Bagian 1: Flashback

53 2 0
                                        

3 Bulan yang lalu.

"Aline lo dipanggil kepala sekolah."
Para siswa mulai bergunjing, memperlihatkan tatapan tak suka pada Aline. Dia memang sering dipanggil kepala sekolah karena hubungan ibunya dan kepala sekolah sangatlah dekat. Tak lama anak tadi kembali datang ke kelas memanggil nama lain.

"Eric lo juga..." Siswi itu kelihatan takut bicara pada Eric. Tidak hanya dia tapi semua siswa di sekolah ini takut pada Eric. Saudara kembar Aline itu pernah dikaitkan dengan rumor pembunuhan seorang siswi senior. Menurut kabar burung yang beredar, Ericlah dalang dari pembunuhan itu.

Eric berjalan melewati teman temannya yang memandangnya sampai keluar dari kelas. Wajahnya tampan dan kharismatik tapi sayangnya berandalan. Dan juga kabarnya otak dari pembunuhan sadis.

Bel masuk sudah berbunyi, tanda waktu pelajaran pertama. Wali kelas mulai masuk ke kelas ajarnya masing masing, mengecek daftar hadir siswa dan memberi arahan yang akan dilakukan hari ini.

Bu Rini, wali kelas 1-2 memandang ke seluruh penjuru kelas. "Karina, dibelakang kamu itu apa?"

Yaampun, hanya sepucuk kertas saja bisa menarik perhatian ya, batin Karina. Kemudian  mengambilnya dan membuang ke tempat sampah.

"Kalo gitu kan enak diliat. Lain kali kalau ada sampah langsung dibuang, jangan dicuekin. Sekian dari saya, tunggu gurunya ya, jangan ramai." Bu Rini mengambil berkas absensi dan meninggalkan kelas.

Kebalikannya Aline dan Eric masuk ke kelas menarik perhatian semua orang.

"Gausah liat liat." Kata Aline menatap teman temannya sinis. Dia termasuk orang yang suka membully adik kelas dan memerintah teman sekelasnya. Tidak ada yang berani dekat kecuali teman yang sama kastanya, saudara laki laki kembarnya, Eric Reynand. Dan...

"San besok kamu ada waktu nggak," Aline duduk didepan meja juara satu ekspresi terdingin yang pernah ada, Sanjaya Darelano. Seluruh sekolah tau San sangat tidak mudah di dekati bahkan orang terdekatnya sekalipun.

San hanya melihat Aline kemudian kembali mengacuhkannya. Aline terus merengek menanyakan apakah ada waktu luang untuknya, sedangkan San hanya diam menggulirkan sesuatu di handphone nya. Lama Aline duduk disana sambil tetap kukuh pada pendiriannya. Aline tidak bisa diganggu bahkan oleh Eric sekalipun. San menatap mata jernih Aline.

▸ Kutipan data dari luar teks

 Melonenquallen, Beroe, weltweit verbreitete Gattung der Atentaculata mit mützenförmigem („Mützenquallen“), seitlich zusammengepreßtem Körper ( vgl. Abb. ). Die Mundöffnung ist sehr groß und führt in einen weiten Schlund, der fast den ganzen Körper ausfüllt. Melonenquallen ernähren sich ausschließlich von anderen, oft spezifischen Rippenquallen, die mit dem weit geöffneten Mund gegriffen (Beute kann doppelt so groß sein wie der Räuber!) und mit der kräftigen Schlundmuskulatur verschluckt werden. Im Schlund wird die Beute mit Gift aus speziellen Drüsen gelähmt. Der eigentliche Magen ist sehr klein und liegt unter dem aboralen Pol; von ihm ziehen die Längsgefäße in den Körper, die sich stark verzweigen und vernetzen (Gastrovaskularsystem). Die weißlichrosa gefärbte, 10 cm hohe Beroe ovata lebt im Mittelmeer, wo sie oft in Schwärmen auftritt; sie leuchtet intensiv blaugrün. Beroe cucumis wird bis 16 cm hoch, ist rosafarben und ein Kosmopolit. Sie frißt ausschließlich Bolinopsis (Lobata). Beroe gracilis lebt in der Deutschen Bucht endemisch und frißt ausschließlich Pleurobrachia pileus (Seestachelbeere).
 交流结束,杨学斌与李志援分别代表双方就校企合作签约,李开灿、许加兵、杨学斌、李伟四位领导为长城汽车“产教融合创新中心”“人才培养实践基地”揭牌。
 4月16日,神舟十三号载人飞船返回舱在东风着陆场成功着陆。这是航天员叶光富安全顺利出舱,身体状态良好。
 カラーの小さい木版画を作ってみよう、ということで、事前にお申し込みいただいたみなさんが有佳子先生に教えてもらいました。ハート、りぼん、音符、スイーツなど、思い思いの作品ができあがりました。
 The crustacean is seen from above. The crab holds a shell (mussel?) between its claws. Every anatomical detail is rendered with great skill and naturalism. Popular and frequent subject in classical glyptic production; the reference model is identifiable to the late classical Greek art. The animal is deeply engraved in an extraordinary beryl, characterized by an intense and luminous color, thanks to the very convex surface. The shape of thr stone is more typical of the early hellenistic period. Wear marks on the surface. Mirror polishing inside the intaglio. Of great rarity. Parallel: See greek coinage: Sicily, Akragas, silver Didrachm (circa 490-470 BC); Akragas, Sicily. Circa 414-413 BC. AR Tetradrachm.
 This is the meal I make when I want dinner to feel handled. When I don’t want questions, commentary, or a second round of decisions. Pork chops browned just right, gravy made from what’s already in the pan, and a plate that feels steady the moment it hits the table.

"Lin. Ada guru." Lalu atensinya kembali pada handphone.

Aline kesal dan kembali dengan terpaksa ke tempat duduknya. Sebelum duduk Aline melihat ke daerah pojok kelas. Dia melihat Karina dengan tak suka. Menurutnya semua ini gara gara Karina. Harusnya Eric membunuh perempuan brengsek itu saja. Dia sudah merebut apa yang harusnya menjadi miliknya. Ini tentu tidak adil dan harus direbut kembali bagaimanapun caranya.

> istirahat makan siang <

Ada pembagian kasta di wilayah cafetaria sekolah. Kasta pertama boleh memilih tempat duduk mereka dan menentukan wilayah mana yang tidak boleh ditempati. Kasta kedua yaitu terhitung yang jago bertarung. Bebas memilih makanan dan tempat duduk. Lalu kasta terakhir, atau bisa dibilang kelas pecundang. Mereka sering diperintah untuk membeli makanan, tidak bisa duduk di beberapa tempat, dan tidak boleh makan sebelum semua orang kasta pertama datang.

Karina sebenarnya masuk pada kasta pertama, karena papanya seorang direktur perusahaan. Ibu Karina aktif dalam kegiatan masyarakat dan pemimpin para aktivis lingkungan. Keluarga kecil yang harmonis dan bahagia sebelum Karina masuk ke sekolah ini.

Karina keluar dari kelasnya, menyusuri lorong dan berencana menuju cafetaria membeli beberapa snack yang mengenyangkan dan minuman dingin. Sialnya dia dicegat beberapa anak kasta dua, kelas 2. Karina tidak takut hanya saja malas. Pasti akan diminta uang jajannya lagi kali ini.